«И все же Джонсон возразил Шекспиру, что его пафос не всегда естественен и свободен от аффектации. Есть, правда, отрывки, хотя, сравнительно говоря, очень немногие, где его поэзия выходит за рамки истинного диалога, где слишком парящее воображение, слишком пышное остроумие делали полное драматическое забвение самого себя невозможным. За этим исключением, порицание проистекает только из лишенного фантазии образа мыслей, которому все кажется неестественным, что не соответствует его собственной пресной безвкусице. Отсюда сформировалась идея простого и естественного пафоса, который состоит в восклицаниях, лишенных образности и никоим образом не возвышающихся над повседневной жизнью. Но энергичные страсти электризуют все умственные способности и, следовательно, в высокоодаренных натурах будут выражаться в остроумной и образной манере. Часто отмечалось, что негодование дает остроумие; и, поскольку отчаяние иногда прорывается в смех, оно может иногда также дать выход себе в антитетических сравнениях».
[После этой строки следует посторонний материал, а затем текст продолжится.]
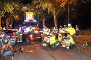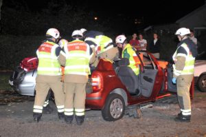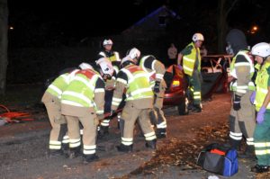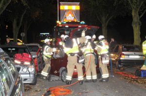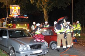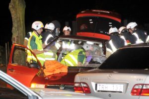 Två personer fördes till sjukhus efter en singelolycka på Vinkelvägen i Burlöv vid 22.30-tiden. Brandpersonalen fick klippa av taket på bilen för att kunna ta ut en av de skadade personerna i bilen på ett säkert sätt. Bilen hade kraschat in i parkerade bilar och demolerats ordentligt. Vad som orsakade olyckan är i nuläget oklart.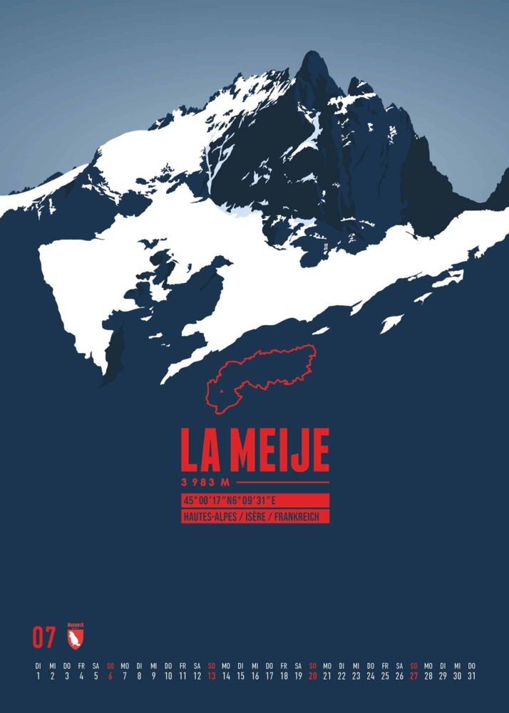Posterkalender mit den außergewöhnlichen Karten von Marmota Maps, zwölf handillustrierte Alpengipfel, gelungene Infografik für alle Fans der Berge

«Кроме того, права поэтической формы не были должным образом взвешены. Шекспир, который всегда был уверен в своей цели, чтобы двигаться достаточно мощным образом, когда хотел этого, иногда, предаваясь более свободной игре, намеренно смягчал впечатления, когда они были слишком болезненными, и немедленно вводил музыкальное облегчение нашего сочувствия. У него не было тех грубых представлений о своем искусстве, которые, кажется, есть у многих современников, как будто поэт, подобно клоуну в пословице, должен ударить дважды в одно и то же место. Древний ритор предостерегал против слишком долгого пребывания на возбуждении жалости; ибо ничто, говорил он, не сохнет так быстро, как слезы; и Шекспир действовал сообразно этой остроумной максиме, не зная ее».
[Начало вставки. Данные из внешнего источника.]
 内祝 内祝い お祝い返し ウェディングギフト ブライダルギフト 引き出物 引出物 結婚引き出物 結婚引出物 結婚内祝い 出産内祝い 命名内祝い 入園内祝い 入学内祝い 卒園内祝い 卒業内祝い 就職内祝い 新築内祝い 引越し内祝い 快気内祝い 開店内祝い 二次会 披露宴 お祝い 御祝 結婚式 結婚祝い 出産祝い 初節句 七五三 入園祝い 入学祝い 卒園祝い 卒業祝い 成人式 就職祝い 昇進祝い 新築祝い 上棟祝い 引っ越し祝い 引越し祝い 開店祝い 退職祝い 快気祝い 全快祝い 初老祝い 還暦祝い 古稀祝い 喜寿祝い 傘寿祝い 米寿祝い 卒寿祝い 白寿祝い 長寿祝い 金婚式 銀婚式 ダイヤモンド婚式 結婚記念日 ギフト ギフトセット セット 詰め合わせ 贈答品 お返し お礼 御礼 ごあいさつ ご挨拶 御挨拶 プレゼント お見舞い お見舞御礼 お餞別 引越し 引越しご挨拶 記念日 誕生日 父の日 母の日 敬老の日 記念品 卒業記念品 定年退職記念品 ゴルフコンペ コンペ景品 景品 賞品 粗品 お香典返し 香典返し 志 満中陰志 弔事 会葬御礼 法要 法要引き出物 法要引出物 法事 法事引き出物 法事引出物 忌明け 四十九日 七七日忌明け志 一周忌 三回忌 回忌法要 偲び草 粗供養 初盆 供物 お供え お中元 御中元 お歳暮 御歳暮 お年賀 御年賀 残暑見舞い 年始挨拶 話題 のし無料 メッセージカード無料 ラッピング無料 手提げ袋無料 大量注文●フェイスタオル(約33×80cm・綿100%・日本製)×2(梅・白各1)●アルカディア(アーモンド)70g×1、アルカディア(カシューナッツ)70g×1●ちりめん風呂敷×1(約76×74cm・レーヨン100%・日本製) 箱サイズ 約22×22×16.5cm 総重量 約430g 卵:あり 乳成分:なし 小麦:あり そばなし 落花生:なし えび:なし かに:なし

«Возражение, что Шекспир ранит наши чувства открытой демонстрацией самой отвратительной моральной гнусности, безжалостно терзает ум и мучает даже наши умы демонстрацией самых невыносимых и ненавистных зрелищ, является одним из гораздо более важных. Он никогда, на самом деле, не лакировал дикие и кровожадные страсти приятной внешностью — никогда не облекал преступление и отсутствие принципов в ложную видимость величия души; и в этом отношении он во всех отношениях заслуживает похвалы. Дважды он изображал законченных злодеев; и мастерский способ, которым он ухитрился избежать впечатлений слишком болезненного характера, можно увидеть в Яго и Ричарде Третьем. Постоянная оглядка на мелкую и ничтожную расу должна сковывать смелость поэта. К счастью для его искусства, Шекспир жил в эпоху, чрезвычайно восприимчивую к благородным и нежным впечатлениям, но которая все еще имела достаточно твердости, унаследованной от энергичного старого времени, чтобы не отступать в ужасе от каждой сильной и насильственной картины. Мы дожили до того, что видели трагедии, катастрофа которых состоит в обмороке влюбленной принцессы. Если Шекспир иногда впадает в противоположную крайность, это благородная ошибка, проистекающая из полноты гигантской силы: И все же этот трагический титан, который штурмует небеса и грозит сорвать мир с его петель; который, более плодотворный, чем Эсхил, заставляет наши волосы встать дыбом и леденит нашу кровь от ужаса, обладал в то же время вкрадчивой прелестью самой сладкой поэзии. Он играет с любовью, как ребенок; и его песни выдыхаются, как тающие вздохи. Он соединяет в своем гении величайшее возвышение и величайшую глубину; и самые чуждые и даже, казалось бы, непримиримые свойства сосуществуют в нем мирно вместе. Мир духов и природа положили все свои сокровища к его ногам. В силе полубог, в глубине взгляда пророк, в всевидящей мудрости дух-покровитель высшего порядка, он опускается до смертных, как будто не осознавая своего превосходства; и так же открыт и непритязателен, как ребенок».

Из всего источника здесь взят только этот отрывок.